Task directions: Your copy should match the listing below exactly, except that it holds no images.

Data block:
Start of Block
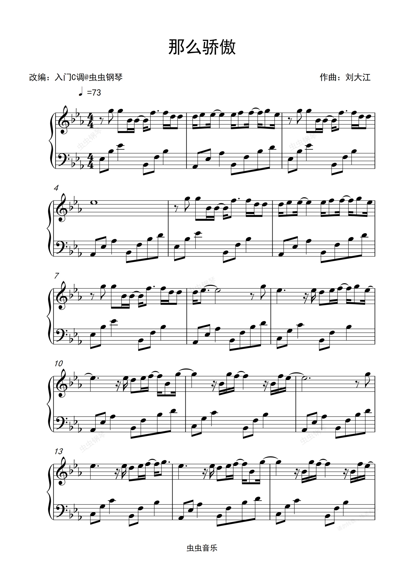 钢琴谱:金海心《难么骄傲》原调入门简单版
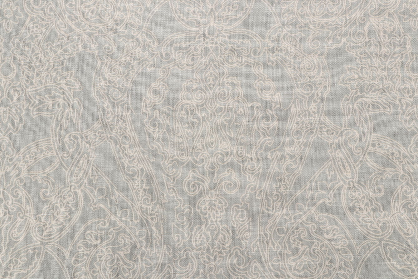 Stroheim Chattooga Paidley Printed Linen Drapery Fabric in Grey Details
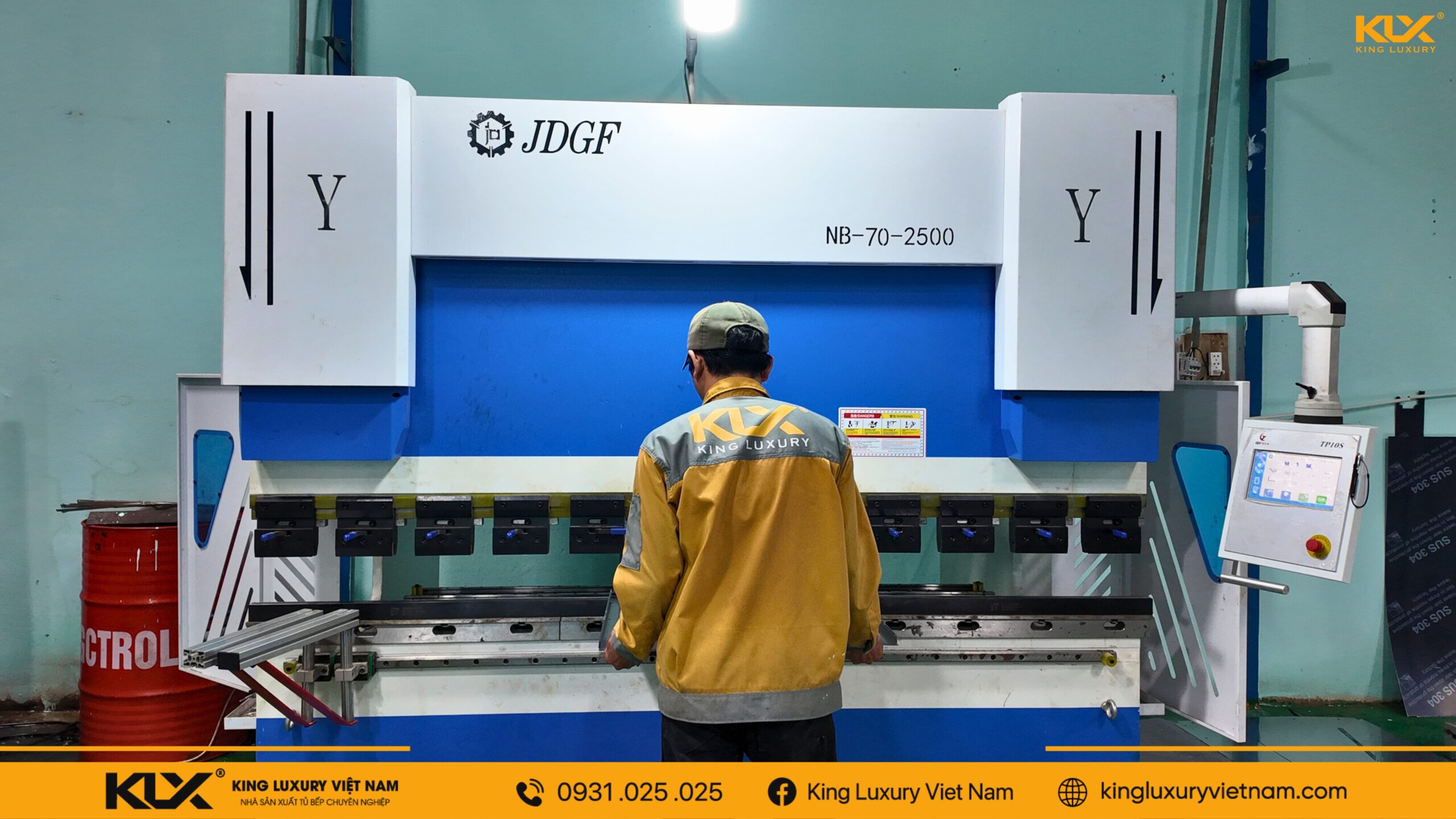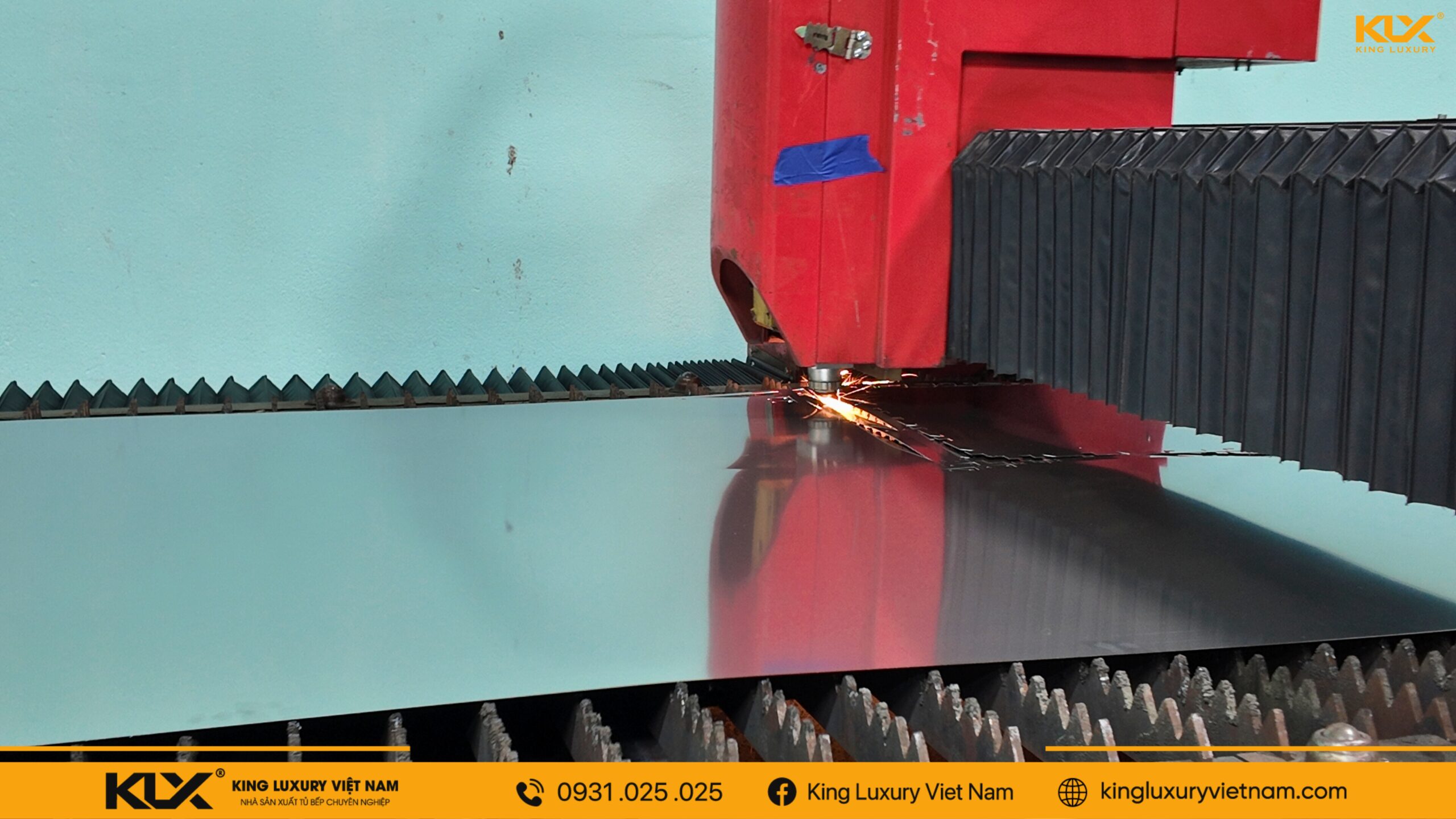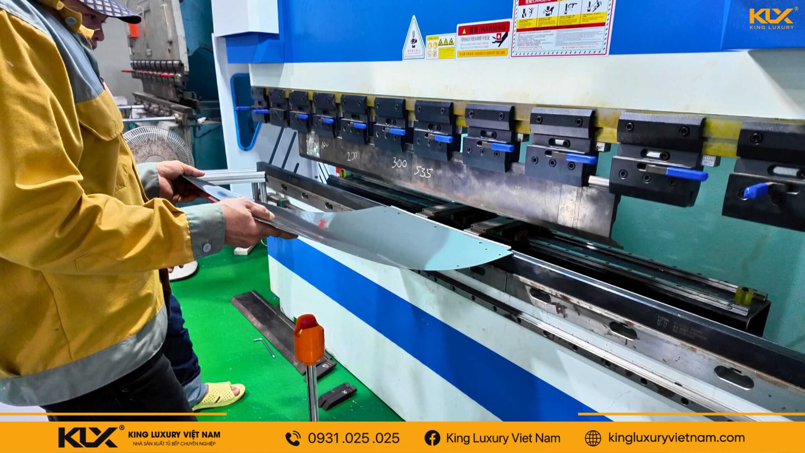 Công nghệ chấn gấp CNC tự động giúp sản phẩm đạt độ vuông, độ phẳng hoàn hảo, tăng độ cứng và độ bền cho thùng tủ bếp inox.
End of Block
Completed exercise:
 钢琴谱:金海心《难么骄傲》原调入门简单版
 Stroheim Chattooga Paidley Printed Linen Drapery Fabric in Grey Details
 Công nghệ chấn gấp CNC tự động giúp sản phẩm đạt độ vuông, độ phẳng hoàn hảo, tăng độ cứng và độ bền cho thùng tủ bếp inox.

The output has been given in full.